* Required work *
Only those lines from the one with "[홍콩명품.Valentino] 발렌티노 24SS" through the last line of the material below should be output, each exactly as it appears.

* Supplied material *

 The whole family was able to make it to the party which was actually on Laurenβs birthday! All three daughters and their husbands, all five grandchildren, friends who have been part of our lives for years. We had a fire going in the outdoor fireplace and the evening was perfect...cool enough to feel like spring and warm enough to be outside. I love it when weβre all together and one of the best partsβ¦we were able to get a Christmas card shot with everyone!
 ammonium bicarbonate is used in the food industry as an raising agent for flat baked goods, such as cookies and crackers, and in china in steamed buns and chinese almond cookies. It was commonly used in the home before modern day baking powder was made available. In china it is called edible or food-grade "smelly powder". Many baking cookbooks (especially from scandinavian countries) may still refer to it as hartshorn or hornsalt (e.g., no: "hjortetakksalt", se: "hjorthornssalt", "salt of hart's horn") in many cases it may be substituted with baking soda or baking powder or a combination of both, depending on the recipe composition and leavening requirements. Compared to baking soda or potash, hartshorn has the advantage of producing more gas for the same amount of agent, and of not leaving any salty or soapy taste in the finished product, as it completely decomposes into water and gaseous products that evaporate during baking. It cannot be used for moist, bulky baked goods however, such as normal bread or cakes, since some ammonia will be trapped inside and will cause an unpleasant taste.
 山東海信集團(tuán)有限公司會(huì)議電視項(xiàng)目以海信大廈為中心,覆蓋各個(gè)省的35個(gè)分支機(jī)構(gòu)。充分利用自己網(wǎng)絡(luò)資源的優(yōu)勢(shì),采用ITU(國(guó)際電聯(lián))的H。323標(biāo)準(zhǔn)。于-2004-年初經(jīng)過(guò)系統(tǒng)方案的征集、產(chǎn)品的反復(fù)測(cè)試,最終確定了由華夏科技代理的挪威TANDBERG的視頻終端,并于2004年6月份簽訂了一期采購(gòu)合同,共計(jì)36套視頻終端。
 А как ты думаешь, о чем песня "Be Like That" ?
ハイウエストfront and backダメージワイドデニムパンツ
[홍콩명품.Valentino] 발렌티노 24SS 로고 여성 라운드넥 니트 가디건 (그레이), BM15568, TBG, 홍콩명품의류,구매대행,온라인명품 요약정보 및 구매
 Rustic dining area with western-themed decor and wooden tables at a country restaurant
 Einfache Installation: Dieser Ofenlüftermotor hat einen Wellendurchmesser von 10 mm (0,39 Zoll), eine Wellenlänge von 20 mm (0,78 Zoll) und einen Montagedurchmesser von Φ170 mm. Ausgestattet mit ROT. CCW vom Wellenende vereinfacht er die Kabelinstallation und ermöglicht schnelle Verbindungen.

* Task response *
[홍콩명품.Valentino] 발렌티노 24SS 로고 여성 라운드넥 니트 가디건 (그레이), BM15568, TBG, 홍콩명품의류,구매대행,온라인명품 요약정보 및 구매
 Rustic dining area with western-themed decor and wooden tables at a country restaurant
 Einfache Installation: Dieser Ofenlüftermotor hat einen Wellendurchmesser von 10 mm (0,39 Zoll), eine Wellenlänge von 20 mm (0,78 Zoll) und einen Montagedurchmesser von Φ170 mm. Ausgestattet mit ROT. CCW vom Wellenende vereinfacht er die Kabelinstallation und ermöglicht schnelle Verbindungen.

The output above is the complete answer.